ACTION ITEM
Print all of the data below exactly as it appears, leaving out every image.

(Records from a data collection)
═══
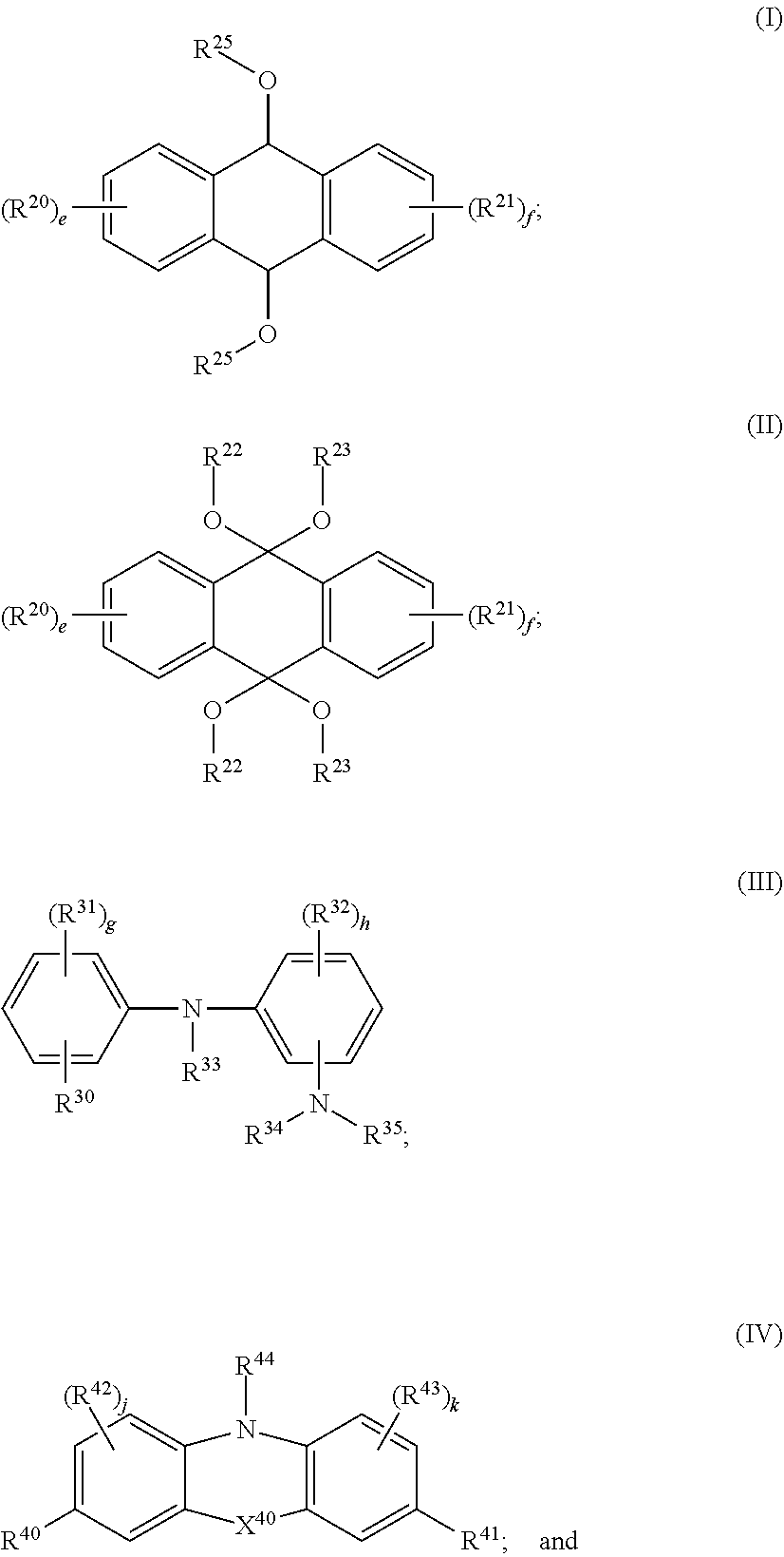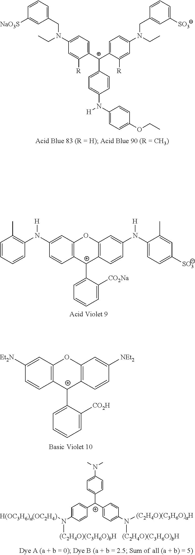 A. Creating Test Fabrics for Illumination A 1.0 m section is cut from a bolt of cotton fabric (Style 403) and stripped prior to use by washing at 49° C. two times with AATCC Standard HE heavy duty liquid (HDL) laundry detergent without optical brightener (1.55 g/1.0 L) in deionized water. Thereafter, 3″×6″ swatches are cut from the stripped fabric for use in the method herein. A concentrated stock solution of the oxidized form of the leuco colorant is prepared in a solvent selected from ethanol or 50:50 ethanol:water, preferably ethanol. A base wash solution is prepared by dissolving AATCC Standard HE HDL without optical brightener (1.55 g/1.0 L) in deionized water. Two stripped cotton swatches are weighed together and placed in a 500 mL Erlenmeyer flask along with four 10 mm glass marbles. A total of three such flasks are prepared for each wash solution to be tested. The base wash solution is dosed with the fully oxidized leuco colorant stock to achieve a wash solution having an absorbance of 0.100±0.005 at the lambda max of the dye between 400-700 nm. A wash solution absent fully oxidized leuco colorant is used as the control. An aliquot of each wash solution sufficient to provide a 20.0:1.0 liquor:fabric (w/w) ratio is placed into each of the three 500 mL Erlenmeyer flasks. Each flask is dosed with a 1000 gpg stock hardness solution to achieve a final wash hardness of 6 gpg (3:1 Ca:Mg). The flasks are placed on a Model 75 wrist action shaker (Burrell Scientific, Inc., Pittsburgh, Pa.) and agitated at the maximum setting for 12 minutes, after which the wash solution is removed by aspiration, a volume of rinse water (0 gpg) equivalent to the amount of wash solution used is added. Each flask is dosed with a 1000 gpg stock hardness solution to achieve a final rinse hardness of 6 gpg (3:1 Ca:Mg) before agitating 4 more minutes. The rinse is removed by aspiration and the fabric swatches are spun dry (Mini Countertop Spin Dryer, The Laundry Alternative Inc., Nashua, N.H.) for 1 minute, then placed in a food dehydrator set at 135° F. to dry in the dark for 2 hours. The reflectance spectrum of the fabrics is measured on the Konica-Minolta 3610d reflectance spectrophotometer to obtain WI CIE and K/S values, and the average of the 18 measurements (6 fabrics with three exposure windows per CD-3T sample holder, see Part B below) for each set of fabrics (sample and control) is used to calculate (a) the absorbance on fabric of the fully oxidized leuco colorant before illumination (AbsB) using the following equation:
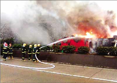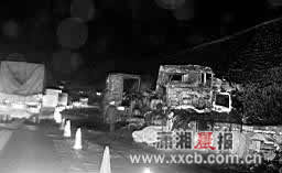 據(jù)交警介紹,車禍發(fā)生時,一輛貨車滿載打火機(jī)及洗發(fā)水等易燃易爆物品,因此火勢很猛,車上不時傳來打火機(jī)的爆炸聲,碎片不斷地從車廂內(nèi)飛出,貨車的油箱也處于被烘烤狀態(tài),隨時有爆炸的危險。
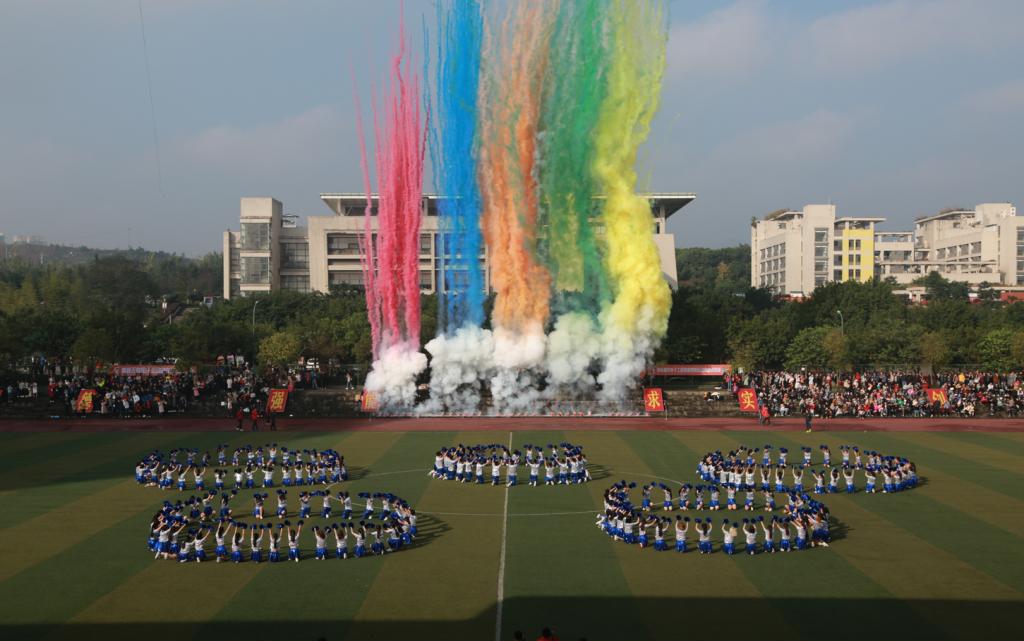 接着来自财经管理学院陈辉同学代表运动员宣誓,以饱满的热情投入各项比赛,承诺赛出风格、赛出水平、赛出令人骄傲的成绩;体育与国防教学部教师邱耀剑代表裁判员宣誓,一定秉持公平、公开、公正的原则,认真负责,全力做好裁判员工作。开幕式上各二级学院带来了精彩的团体操展示。
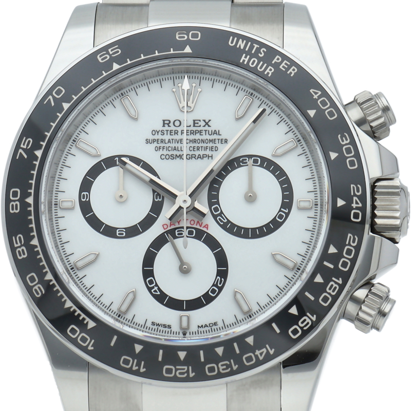 2023年新たにモデルチェンジしたコスモグラフ デイトナ。ロレックスのクロノグラフモデルとして登場したデイトナは、2023年に60周年を迎え第七世代となりました。変更点は、ベゼルのフチ周りにミドルケースと同一素材のメタルが使用され、ムーブメントにはコラムホイール&垂直クラッチ式のキャリバー4131を搭載。72時間パワーリザーブを誇ります。
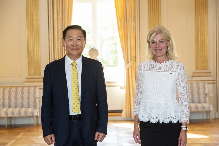 한종희 부회장은 지난 15일(현지시간) 스웨덴 스톡홀름의 외교부 청사에서 안나 할베리 외교부 통상장관을 접견했다.
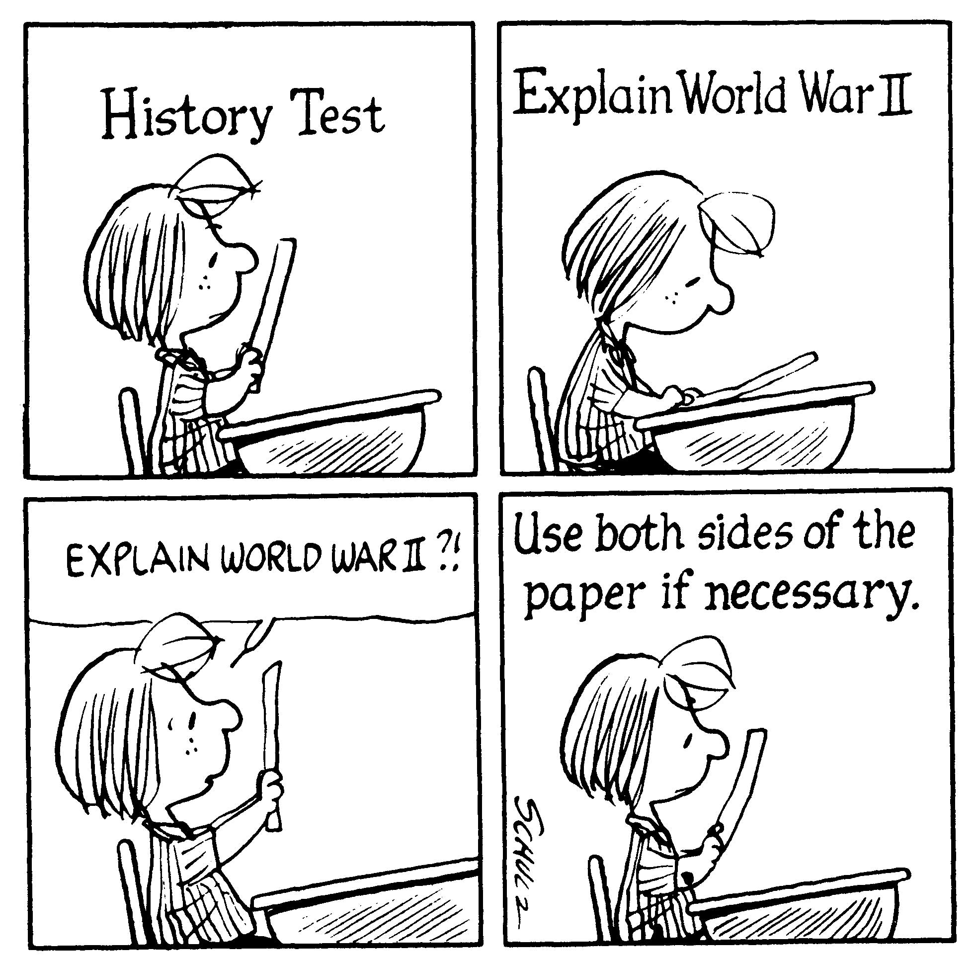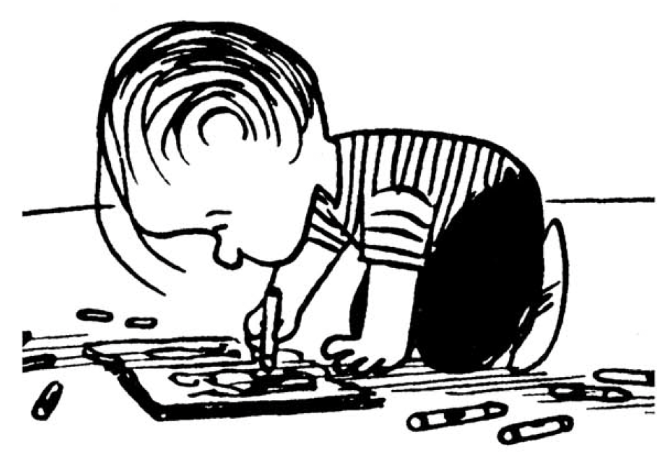 SCHULZ: I think it was the teachers' fault. I think... music teachers were the worst of all. Music teachers were the meanest. Art teachers were always pretty nice. But they weren't capable of either doing cartooning themselves or even appreciating it. And they had to bring the whole class down to the lowest denominator. Because these weren't kids that, especially, were going to be artists, or even interested in it, but they had to create projects that would interest the whole class. So you ended up having to make posters or doing watercolors of flowers or silly things like that, which just drove me out of my mind. [laughs] You never got to do any drawing; it was always some kind of project. Even linoleum cutting- which I never got into. I was glad I never had to do that. But as far as drawing goes, we rarely got to do any real drawing. It just had to have been the teacher's fault.
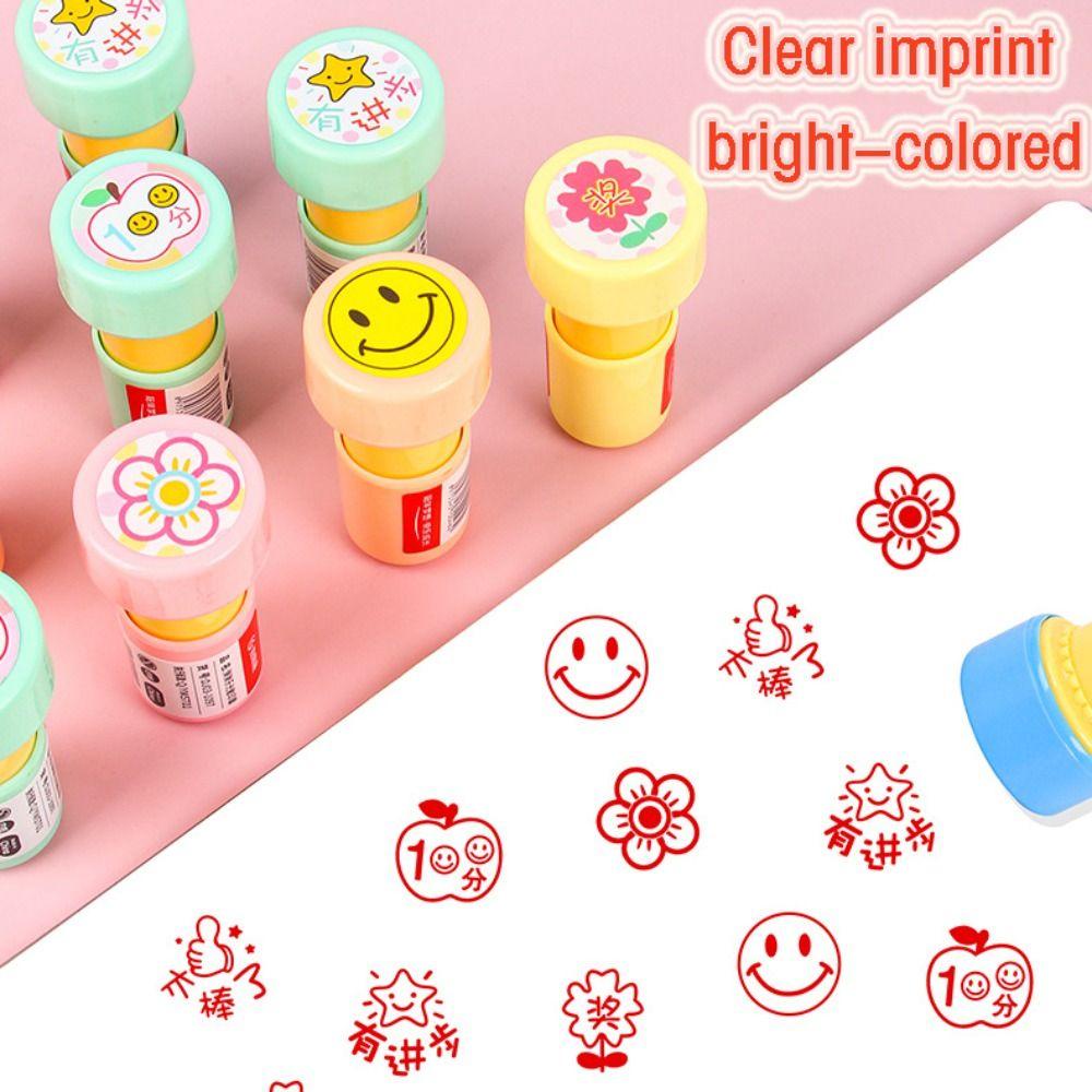 26EDIE Teachers Encourage Stamp, Various Round Student Praise Stamp, Drawing Album Decoration Cartoon DIY Plastic Kids Toys
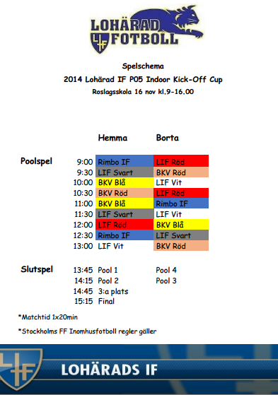 Hej! Söndagen den 16 november kommer LIF P05 att vara värd för en "Indoor Kick Off Cup" på Roslagsskola. LIF kommer att spela med 3 lag, BKV 2 lag och Rimbo IF 1 lag. Den första matchen börjar kl 09:00 och finalen börjar kl 15:00. Alla lag kommer att spela 3 matcher, 1 x 25 min, med topp 4 lag kommer att spela i ett slutspel. Alla spelare är välkomna. Kontakta mig om du inte kan spela. Pia och Helena kommer att ordna kiosken. Prata med dem om du vill hjälpa till. Vi kommer att träffas på Roslagsskola kl 8:00. Lohärad IF Svart - Diego Elian Jonathan Axel Leo B Alvin Markko Arvid Lohärad IF Röd - Josip/Edin Filip Leo L Vincent Felix Marvin Gustav Emil Elias Lohärad IF Vit - Daniel/Ernesto Lucas Teo Antonio Kenan Eddie Joel Oscar P05 28 okt 2014 0kommentarer
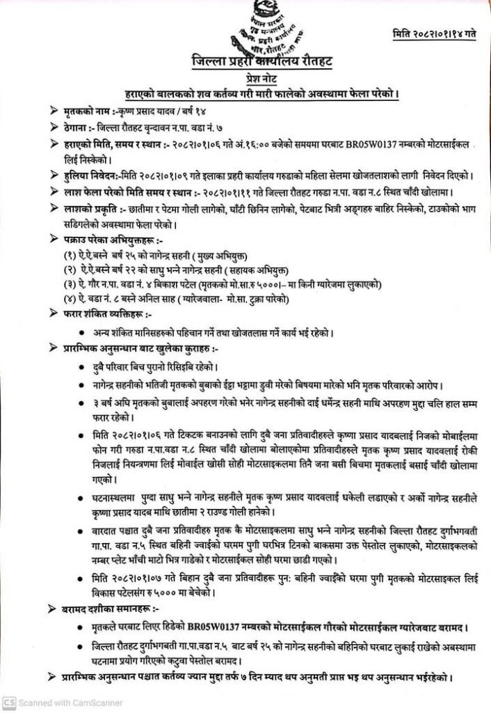प्रहरीका अनुसार १४ वर्षीय बालकलाई टिकटिक बनाउन जाने भन्दै घरबाट बोलाएर चाँदी खोलामा पु¥याई गोली हानी हत्या गरेको पाइएको हो । रौतहटका प्रहरी उपरीक्षक दिलिप घिमिरेका अनुसार बालकको छातीमा २ राउन्ड गोलि हानी हत्या भएको प्रारम्भिक अनुसन्धानमा देखिएको छ ।
═══
EXPECTED OUTPUT
 A. Creating Test Fabrics for Illumination A 1.0 m section is cut from a bolt of cotton fabric (Style 403) and stripped prior to use by washing at 49° C. two times with AATCC Standard HE heavy duty liquid (HDL) laundry detergent without optical brightener (1.55 g/1.0 L) in deionized water. Thereafter, 3″×6″ swatches are cut from the stripped fabric for use in the method herein. A concentrated stock solution of the oxidized form of the leuco colorant is prepared in a solvent selected from ethanol or 50:50 ethanol:water, preferably ethanol. A base wash solution is prepared by dissolving AATCC Standard HE HDL without optical brightener (1.55 g/1.0 L) in deionized water. Two stripped cotton swatches are weighed together and placed in a 500 mL Erlenmeyer flask along with four 10 mm glass marbles. A total of three such flasks are prepared for each wash solution to be tested. The base wash solution is dosed with the fully oxidized leuco colorant stock to achieve a wash solution having an absorbance of 0.100±0.005 at the lambda max of the dye between 400-700 nm. A wash solution absent fully oxidized leuco colorant is used as the control. An aliquot of each wash solution sufficient to provide a 20.0:1.0 liquor:fabric (w/w) ratio is placed into each of the three 500 mL Erlenmeyer flasks. Each flask is dosed with a 1000 gpg stock hardness solution to achieve a final wash hardness of 6 gpg (3:1 Ca:Mg). The flasks are placed on a Model 75 wrist action shaker (Burrell Scientific, Inc., Pittsburgh, Pa.) and agitated at the maximum setting for 12 minutes, after which the wash solution is removed by aspiration, a volume of rinse water (0 gpg) equivalent to the amount of wash solution used is added. Each flask is dosed with a 1000 gpg stock hardness solution to achieve a final rinse hardness of 6 gpg (3:1 Ca:Mg) before agitating 4 more minutes. The rinse is removed by aspiration and the fabric swatches are spun dry (Mini Countertop Spin Dryer, The Laundry Alternative Inc., Nashua, N.H.) for 1 minute, then placed in a food dehydrator set at 135° F. to dry in the dark for 2 hours. The reflectance spectrum of the fabrics is measured on the Konica-Minolta 3610d reflectance spectrophotometer to obtain WI CIE and K/S values, and the average of the 18 measurements (6 fabrics with three exposure windows per CD-3T sample holder, see Part B below) for each set of fabrics (sample and control) is used to calculate (a) the absorbance on fabric of the fully oxidized leuco colorant before illumination (AbsB) using the following equation:
 據(jù)交警介紹,車禍發(fā)生時,一輛貨車滿載打火機(jī)及洗發(fā)水等易燃易爆物品,因此火勢很猛,車上不時傳來打火機(jī)的爆炸聲,碎片不斷地從車廂內(nèi)飛出,貨車的油箱也處于被烘烤狀態(tài),隨時有爆炸的危險。
 接着来自财经管理学院陈辉同学代表运动员宣誓,以饱满的热情投入各项比赛,承诺赛出风格、赛出水平、赛出令人骄傲的成绩;体育与国防教学部教师邱耀剑代表裁判员宣誓,一定秉持公平、公开、公正的原则,认真负责,全力做好裁判员工作。开幕式上各二级学院带来了精彩的团体操展示。
 2023年新たにモデルチェンジしたコスモグラフ デイトナ。ロレックスのクロノグラフモデルとして登場したデイトナは、2023年に60周年を迎え第七世代となりました。変更点は、ベゼルのフチ周りにミドルケースと同一素材のメタルが使用され、ムーブメントにはコラムホイール&垂直クラッチ式のキャリバー4131を搭載。72時間パワーリザーブを誇ります。
 한종희 부회장은 지난 15일(현지시간) 스웨덴 스톡홀름의 외교부 청사에서 안나 할베리 외교부 통상장관을 접견했다.
 SCHULZ: I think it was the teachers' fault. I think... music teachers were the worst of all. Music teachers were the meanest. Art teachers were always pretty nice. But they weren't capable of either doing cartooning themselves or even appreciating it. And they had to bring the whole class down to the lowest denominator. Because these weren't kids that, especially, were going to be artists, or even interested in it, but they had to create projects that would interest the whole class. So you ended up having to make posters or doing watercolors of flowers or silly things like that, which just drove me out of my mind. [laughs] You never got to do any drawing; it was always some kind of project. Even linoleum cutting- which I never got into. I was glad I never had to do that. But as far as drawing goes, we rarely got to do any real drawing. It just had to have been the teacher's fault.
 26EDIE Teachers Encourage Stamp, Various Round Student Praise Stamp, Drawing Album Decoration Cartoon DIY Plastic Kids Toys
 Hej! Söndagen den 16 november kommer LIF P05 att vara värd för en "Indoor Kick Off Cup" på Roslagsskola. LIF kommer att spela med 3 lag, BKV 2 lag och Rimbo IF 1 lag. Den första matchen börjar kl 09:00 och finalen börjar kl 15:00. Alla lag kommer att spela 3 matcher, 1 x 25 min, med topp 4 lag kommer att spela i ett slutspel. Alla spelare är välkomna. Kontakta mig om du inte kan spela. Pia och Helena kommer att ordna kiosken. Prata med dem om du vill hjälpa till. Vi kommer att träffas på Roslagsskola kl 8:00. Lohärad IF Svart - Diego Elian Jonathan Axel Leo B Alvin Markko Arvid Lohärad IF Röd - Josip/Edin Filip Leo L Vincent Felix Marvin Gustav Emil Elias Lohärad IF Vit - Daniel/Ernesto Lucas Teo Antonio Kenan Eddie Joel Oscar P05 28 okt 2014 0kommentarer
प्रहरीका अनुसार १४ वर्षीय बालकलाई टिकटिक बनाउन जाने भन्दै घरबाट बोलाएर चाँदी खोलामा पु¥याई गोली हानी हत्या गरेको पाइएको हो । रौतहटका प्रहरी उपरीक्षक दिलिप घिमिरेका अनुसार बालकको छातीमा २ राउन्ड गोलि हानी हत्या भएको प्रारम्भिक अनुसन्धानमा देखिएको छ ।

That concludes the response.